Overview

Safety and Efficacy of Andecaliximab in Participants With Moderately to Severely Active Crohn's Disease

Status:
Terminated

Trial end date:
2016-12-22

Target enrollment:
0

Participant gender:
All

Summary

This study will primarily evaluate the safety and efficacy of andecaliximab in adults with active Crohn's disease. The study will consist of a Double-Blind Phase of 8 weeks followed by an Open-Label Extension. Participants who complete the Double-Blind Phase will be eligible to enroll in the optional Open-Label Extension for an additional 44 weeks.

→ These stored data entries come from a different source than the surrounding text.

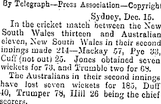 By Telegraph—Pros3 Association—Copyright .Sydney, Dec. 15. In the cricket match between the New South Wales thirteen and Australian eleven, New South Wales in their second innings made 214—Mackay 07, Pye 33, Cuff (not out) 20. Jones obtained seven wickets for 73, and Trumbio two for 68. The Australians in their second innings have lost seven wicaets for 180, Duff 40, Trumpet- 78, Iliil 26 berng the chief scorers.
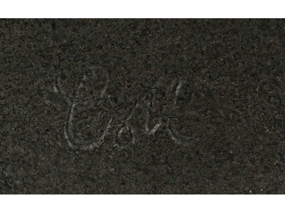 Csizmadia Margit, zöld - narancssárga mázas kerámia padló váza 38.5 cm
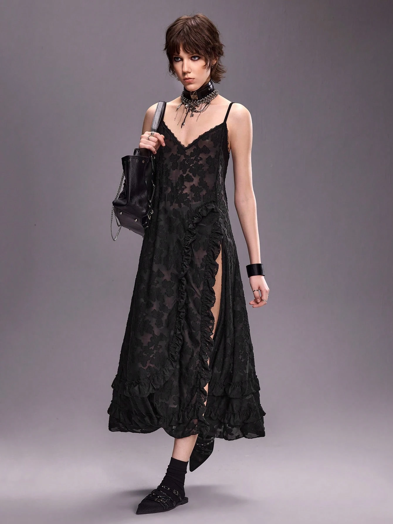 ROMWE Avant Women's Spaghetti Strap Asymmetrical High Slit Ruffle Lace Overlay Maxi Dress
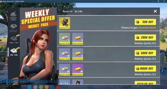 Để xem những hoạt động đang diễn ra trong game bạn hãy bấm vào mục Activity, sẽ có những hoạt động giảm giả hoặc sự kiện diễn ra trong game.
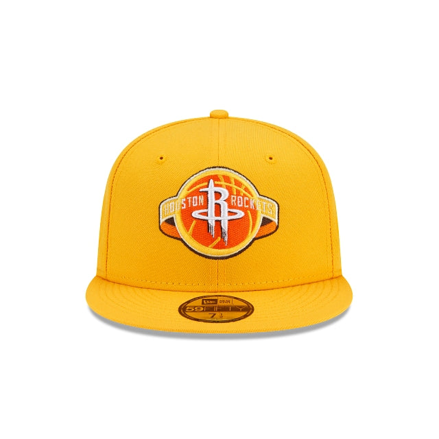 Enter at your own risk with the Houston Rockets Spooky Treat 59FIFTY Fitted Cap featuring bright yellows and oranges with an embroidered Rockets logo at the front panels and a matching NBA logo at the rear. Additional details include an orange undervisor.

Participants who complete Week 52 assessments will be eligible to enter the Extended Treatment Phase to continue treatment with andecaliximab for an additional 156 weeks.

Phase:

Phase 2

Accepts Healthy Volunteers?

Details

Lead Sponsor:

Gilead Sciences

Criteria

Key Inclusion Criteria:

- Ability to provide a written informed consent

- Females of childbearing potential must have a negative pregnancy test at screening and
baseline

- Documented diagnosis of Crohn's disease with a minimum disease duration of 6 months
with involvement of the ileum and/or colon at a minimum

- Moderately to severely active Crohn's disease as defined by a Crohn's Disease Activity
Index (CDAI) total score between 220-450 (inclusive) AND with evidence of active
disease as measured by ileocolonoscopy

- Within the previous 5 years, demonstrated an inadequate clinical response or
intolerance of at least one of the following agents:

- Corticosteroids

- Immunomodulators

- Tumor necrosis factor-alpha (TNFα) antagonists

- Vedolizumab

- May be receiving the following drugs:

- Oral 5-aminosalicylate (5-ASA)

- Oral corticosteroid therapy

- Antidiarrheals for chronic diarrhea

- Azathioprine or 6-mercaptopurine (6-MP) or methotrexate

- Antibiotics for the treatment of Crohn's disease

- Able to comply with the dosing instructions for study drug and able to comply with the
study visits and requirements

Key Exclusion Criteria:

- Evidence of abscess at screening

- Extensive colonic resection (subtotal or total colectomy) or history of > 2 small
bowel resections

- Ileostomy, colostomy, or symptomatic stenosis of the intestine

- Current use of oral corticosteroids at a dose equivalent to > 30 mg/day of prednisone

- Ulcerative colitis or indeterminate colitis

- Short bowel syndrome

- Stool sample positive for Clostridium difficile (C. difficile) toxin, E. coli,
Salmonella, Shigella, Campylobacter or Yersinia

- Treatment with any monoclonal antibody within 4 weeks of screening

- History or evidence of colonic mucosal dysplasia

- HIV, hepatitis B, hepatitis C, or tuberculosis (TB) infection

- Participated in a clinical study with an investigational drug or biologic within the
last 30 days

- Any chronic medical condition (including, but not limited to, cardiac or pulmonary
disease) that, in the opinion of the investigator, would make the individual
unsuitable for the study or would prevent compliance with the study protocol

Note: Other protocol defined Inclusion/ Exclusion criteria may apply.